Academics

How to succeed at Oglethorpe with a little help from your friends

In an effort to ensure every student thrives, Student Success provides an assortment of programs to provide the personal, social, professional and academic skills necessary to succeed in school and life.

“The biggest benefit of peer tutors is that they have shared their students’ experience of learning (and perhaps, struggling through) the same material. Asking us for help would be just like asking one of your roommates, except we’re required to know what we’re talking about.” – tutor Chase Lawson ’18

Located in the Turner Lynch Campus Center, Academic Success is designed to address academic challenges, and to help students set and achieve goals. It’s more than just another faculty or staff member repeating the same information over and over again; it’s an assessment of what will work for each person.

Maybe what Academic Success is best known for is offering tutoring. Peer tutoring services focus on building an academic foundation with the added benefit of speaking with a fellow student.

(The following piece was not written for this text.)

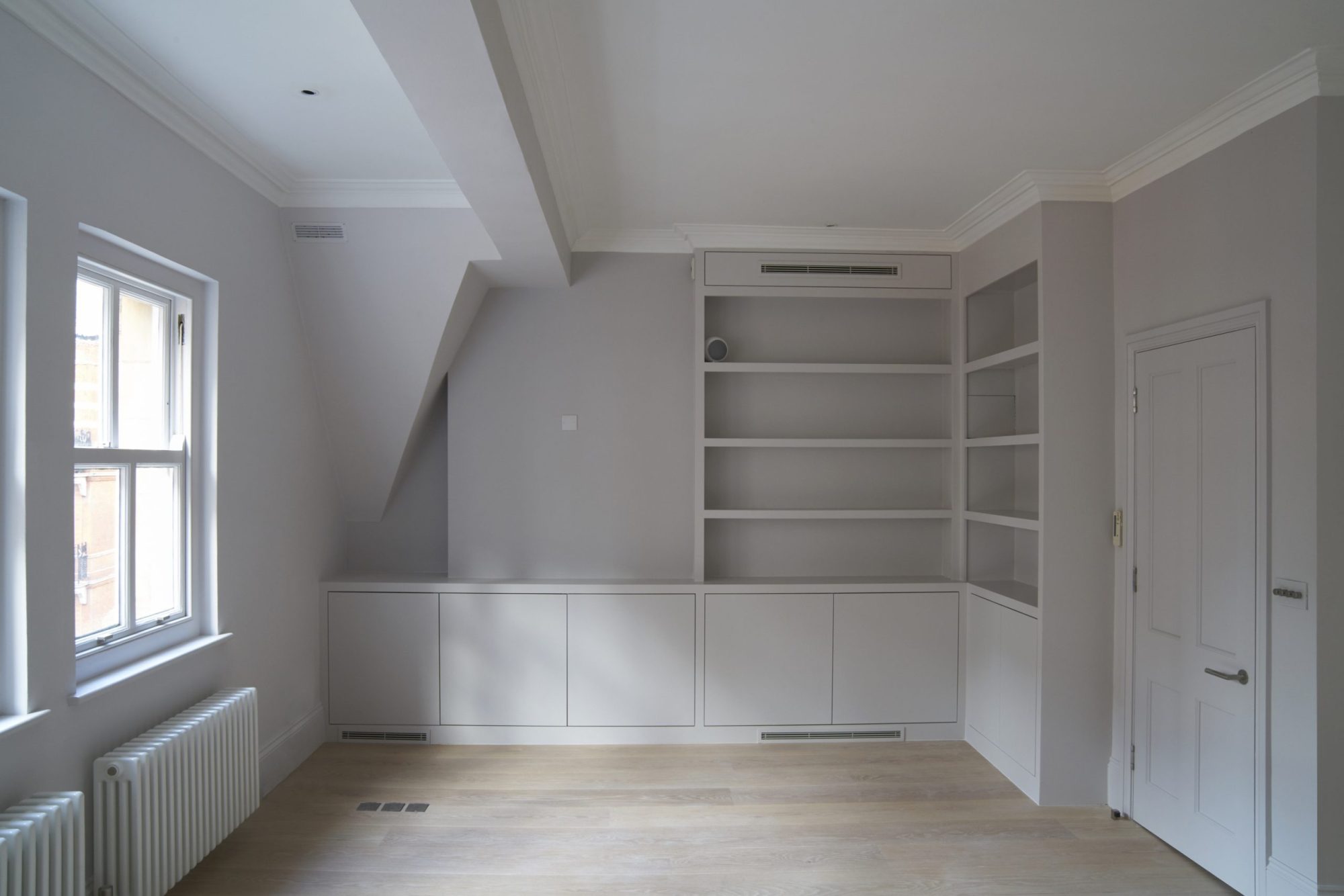 Substantial but sensitive alterations to Grade II listed penthouse flat for an art collector client.

“Rather that hiring outside providers, we find that student tutors bring some great added advantages,” says Assistant Director of Academic Success Tracy Hall. “Tutors are more familiar with Oglethorpe classes, the unique elements of the COR program and with Oglethorpe professors and their expectations.”

Academic Success likes to see students visit early to gain a larger understanding of material and concepts as it means the students are more likely to achieve their academic goals, rather than waiting until the last minute when the material has become too overwhelming.

So far this year, first-year students alone have received more than 130 hours of individual tutoring sessions. One-on-one tutoring is available for those who prefer it, but drop-in tutoring times are becoming more popular and are held almost every day for 20 courses.

A new segment of tutoring is Peer Academic Leaders, or PALs. PALs are upperclassmen assigned to at-risk first year students as academic mentors. Only halfway through the fall semester, PALs have logged more than 160 hours with students.

While services such as tutoring, supplemental writing instruction and coaching are available to all classes, a recent initiative, Advising, is aimed at first year students with a mission to create good practices students can carry with them for all four years at Oglethorpe.

Compass Academic Advisors, of which there are 42, are there to perform general academic wellness checks, to erase the stigma that may be attached to seeking academic aid and to change the perception of advising from exclusively course-planning to career-oriented.

Under the guidance of Director of Academic Advising Rene Alvarez, the first semester of Compass is already paying dividends. Advisors have seen most students 2-3 each and Career Development has seen a 500% increase in visits from first years, and that doesn’t include the majority of students who were volunteers at recent career and graduate school fairs that were first years.

It’s about combining academic preparation with career trajectory, and creating productive practices students can carry over from school to the office place.